[Activity]: Every entry is to be transcribed as it stands. Images stay out.
"""
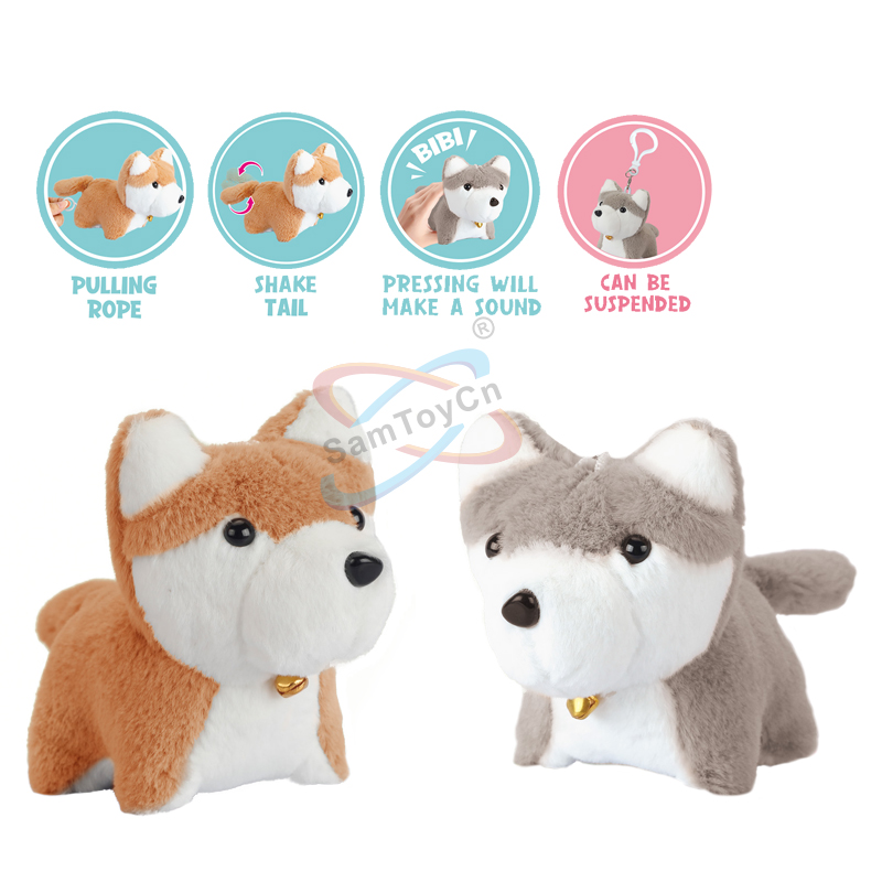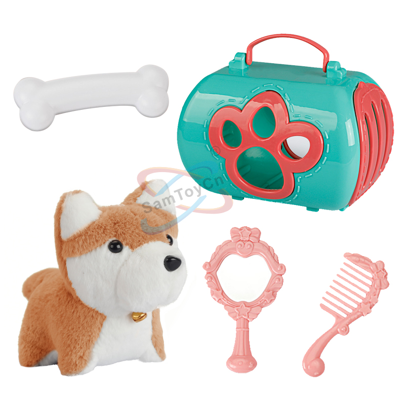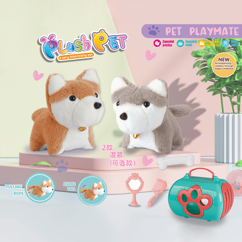 Pull String Shake Tail Plush Dog Cage Set
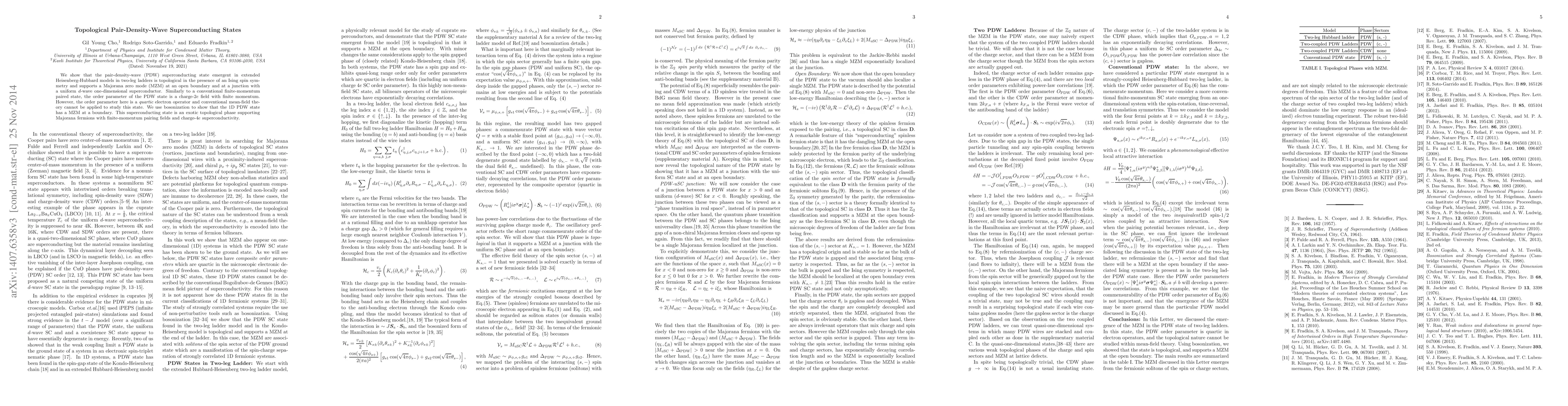 This paper demonstrates that a pair-density-wave (PDW) superconducting state in two-leg ladders is topological, supporting Majorana zero modes at open boundaries and junctions with $d$-wave superconductors. Unlike conventional states, the PDW order parameter is a quartic electron operator, necessitating bosonization for analysis.
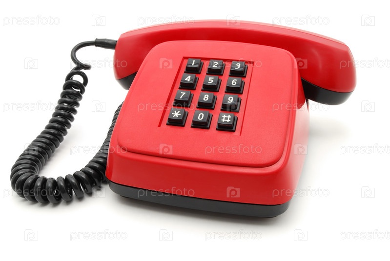 Красный телефон с черными кнопками на белом фоне
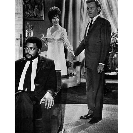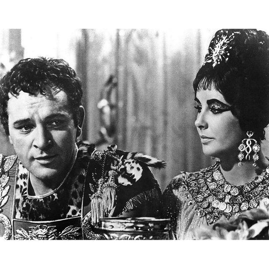 Elizabeth Taylor and Richard Burton in Cleopatra Black Modern Wood Framed Art Print by Hollywood Photo Archive
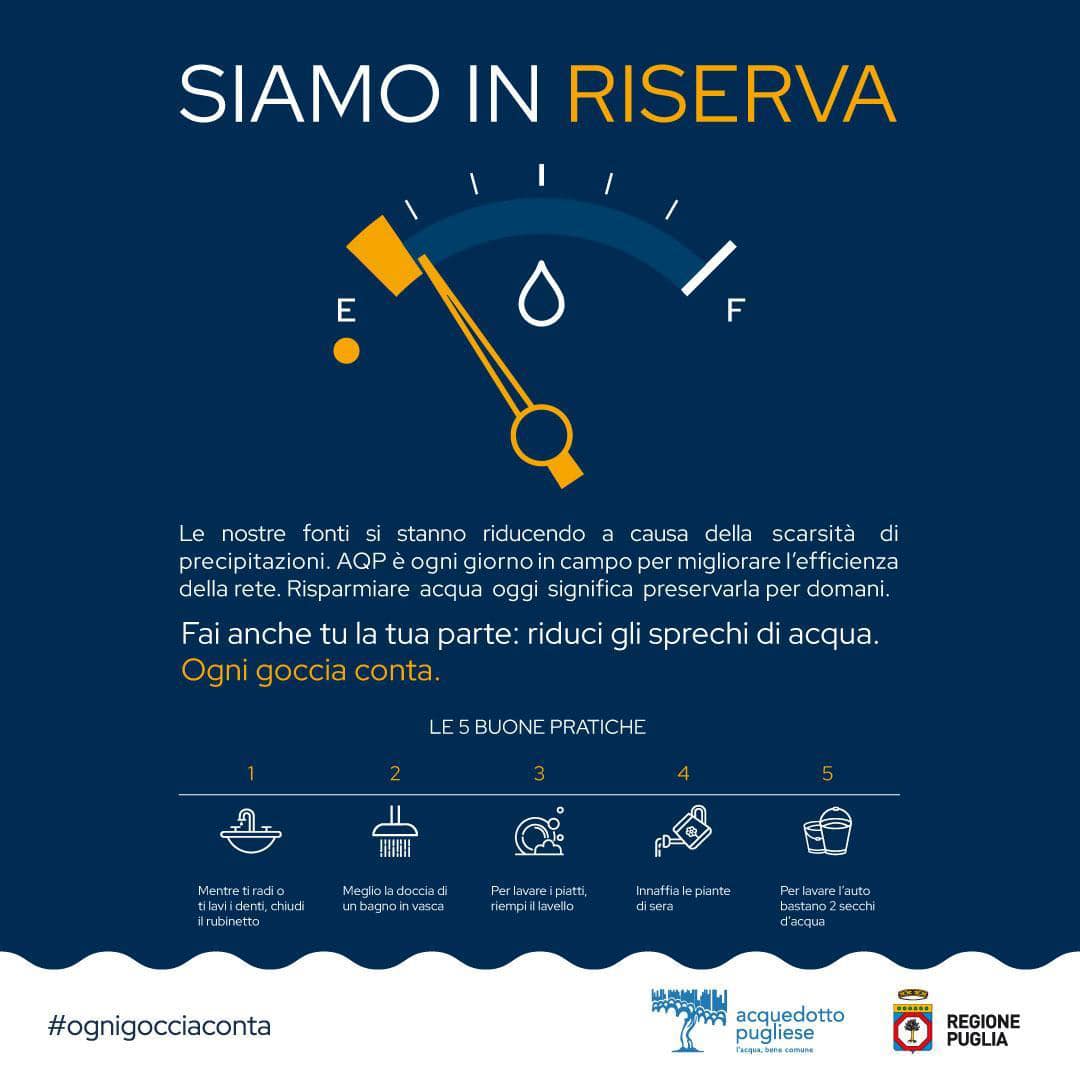 Le scarse piogge sulle fonti riducono sempre più la disponibilità idrica: i prelievi restano superiori agli afflussi ed è necessario contenere i consumi. In assenza di adeguate precipitazioni, già da gennaio infatti la quantità di acqua disponibile potrebbe essere insufficiente a soddisfare appieno la domanda. Ogni goccia è fondamentale per superare la crisi idrica. Da quelle risparmiate da Acquedotto Pugliese (AQP) con la tecnologia messa in campo negli ultimi anni, a quelle che possono recuperare, con piccoli gesti quotidiani4 milioni di cittadini serviti. È necessario inoltre continuare a mantenere ridotta la pressione nel rispetto degli standard di qualità previsti dalla Carta del servizio idrico integrato. Meno acqua sarà consumata da tutti, più si allontanerà il rischio di inasprimento delle restrizioni. Un messaggio al centro della campagna di sensibilizzazione di AQP: Siamo in riserva.
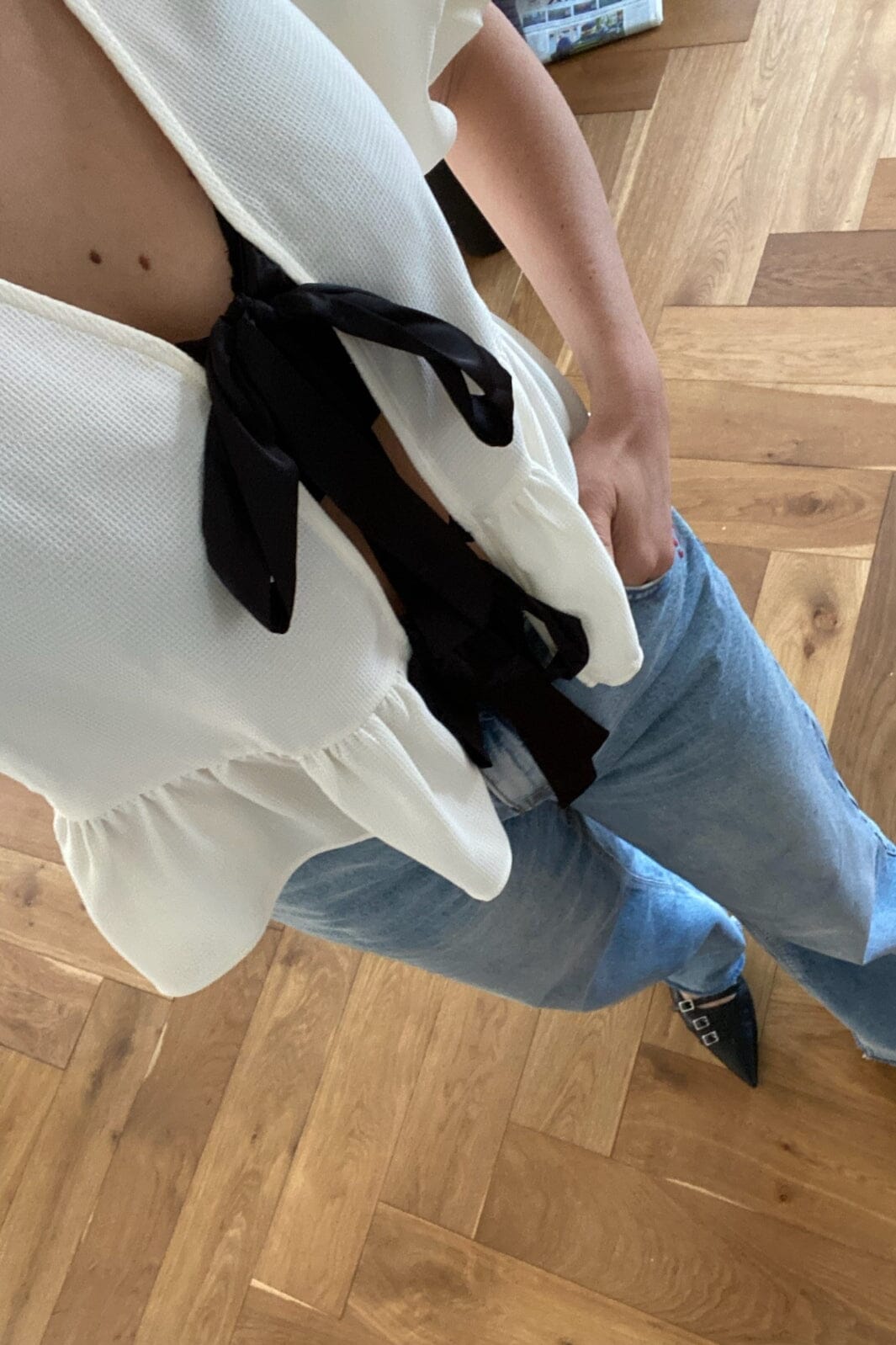 is een schattige loszittende blouse met korte pofmouwen. Het heeft 2 strikbanden in het midden en een peplum aan de onderkant. Het model is 182 cm lang en draagt maat S.
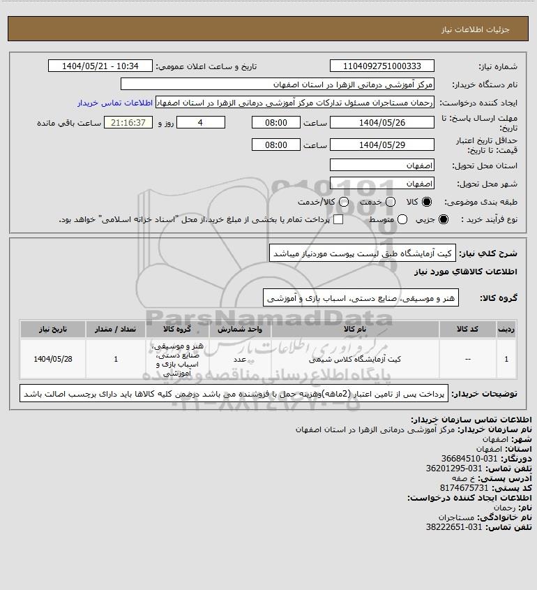 1 استعلام الکترونیکی لوازم آزمایشگاهی 9811445 1404/08/17 new special not payed خراسان رضوی
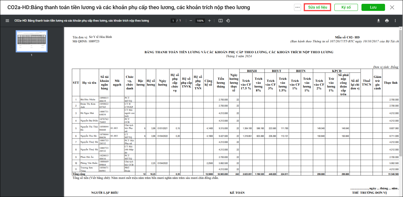 1. Nhấn sửa số liệu trên mẫu C02a – HD
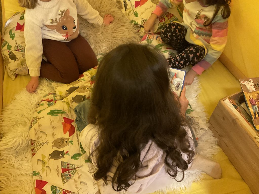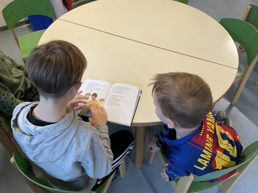 Am Donnerstag, den 4. Dezember machten sich alle Zweitklässler und Zweitklässlerinnen auf zu den Kindergärten in Schulnähe. Viele freuten sich sehr bekannte Gesichter wiederzusehen. Die „Kleinen“ begrüßten uns mit einem Willkommenslied. Anschließend durfte suchte sich jedes Schulkind ein bis zwei Kindergartenkinder zum Vorlesen. Natürlich kam auch die Spielzeit nicht zu kurz.
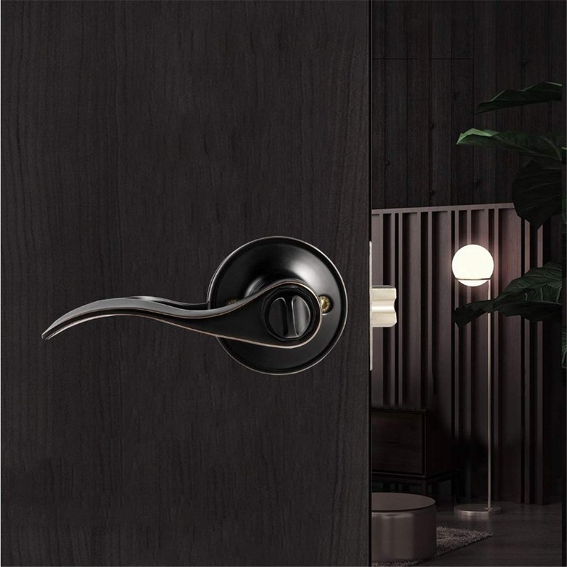 3 Pack Wave Lever Keyless Door Lock, Oil Rubbed Bronze Interior Door Handle Hardware Knob, Wave Handle Lever, Reversible for Left and Right Handed
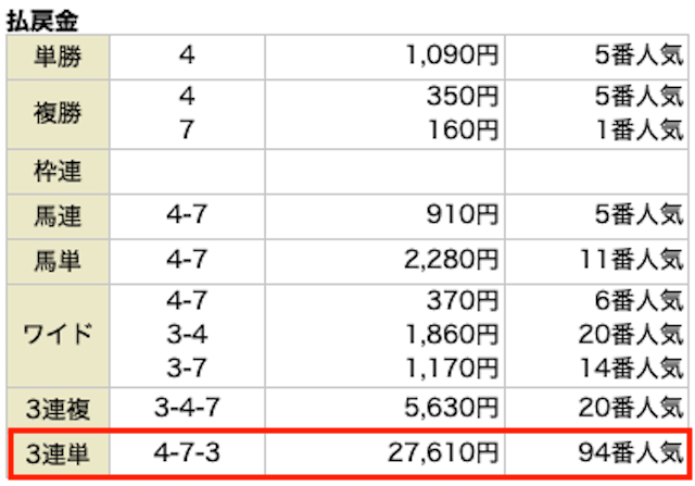 | 券種 | 3連単 |
"""
[The completed task]:
 Pull String Shake Tail Plush Dog Cage Set
 This paper demonstrates that a pair-density-wave (PDW) superconducting state in two-leg ladders is topological, supporting Majorana zero modes at open boundaries and junctions with $d$-wave superconductors. Unlike conventional states, the PDW order parameter is a quartic electron operator, necessitating bosonization for analysis.
 Красный телефон с черными кнопками на белом фоне
 Elizabeth Taylor and Richard Burton in Cleopatra Black Modern Wood Framed Art Print by Hollywood Photo Archive
 Le scarse piogge sulle fonti riducono sempre più la disponibilità idrica: i prelievi restano superiori agli afflussi ed è necessario contenere i consumi. In assenza di adeguate precipitazioni, già da gennaio infatti la quantità di acqua disponibile potrebbe essere insufficiente a soddisfare appieno la domanda. Ogni goccia è fondamentale per superare la crisi idrica. Da quelle risparmiate da Acquedotto Pugliese (AQP) con la tecnologia messa in campo negli ultimi anni, a quelle che possono recuperare, con piccoli gesti quotidiani4 milioni di cittadini serviti. È necessario inoltre continuare a mantenere ridotta la pressione nel rispetto degli standard di qualità previsti dalla Carta del servizio idrico integrato. Meno acqua sarà consumata da tutti, più si allontanerà il rischio di inasprimento delle restrizioni. Un messaggio al centro della campagna di sensibilizzazione di AQP: Siamo in riserva.
 is een schattige loszittende blouse met korte pofmouwen. Het heeft 2 strikbanden in het midden en een peplum aan de onderkant. Het model is 182 cm lang en draagt maat S.
 1 استعلام الکترونیکی لوازم آزمایشگاهی 9811445 1404/08/17 new special not payed خراسان رضوی
 1. Nhấn sửa số liệu trên mẫu C02a – HD
 Am Donnerstag, den 4. Dezember machten sich alle Zweitklässler und Zweitklässlerinnen auf zu den Kindergärten in Schulnähe. Viele freuten sich sehr bekannte Gesichter wiederzusehen. Die „Kleinen“ begrüßten uns mit einem Willkommenslied. Anschließend durfte suchte sich jedes Schulkind ein bis zwei Kindergartenkinder zum Vorlesen. Natürlich kam auch die Spielzeit nicht zu kurz.
 3 Pack Wave Lever Keyless Door Lock, Oil Rubbed Bronze Interior Door Handle Hardware Knob, Wave Handle Lever, Reversible for Left and Right Handed
 | 券種 | 3連単 |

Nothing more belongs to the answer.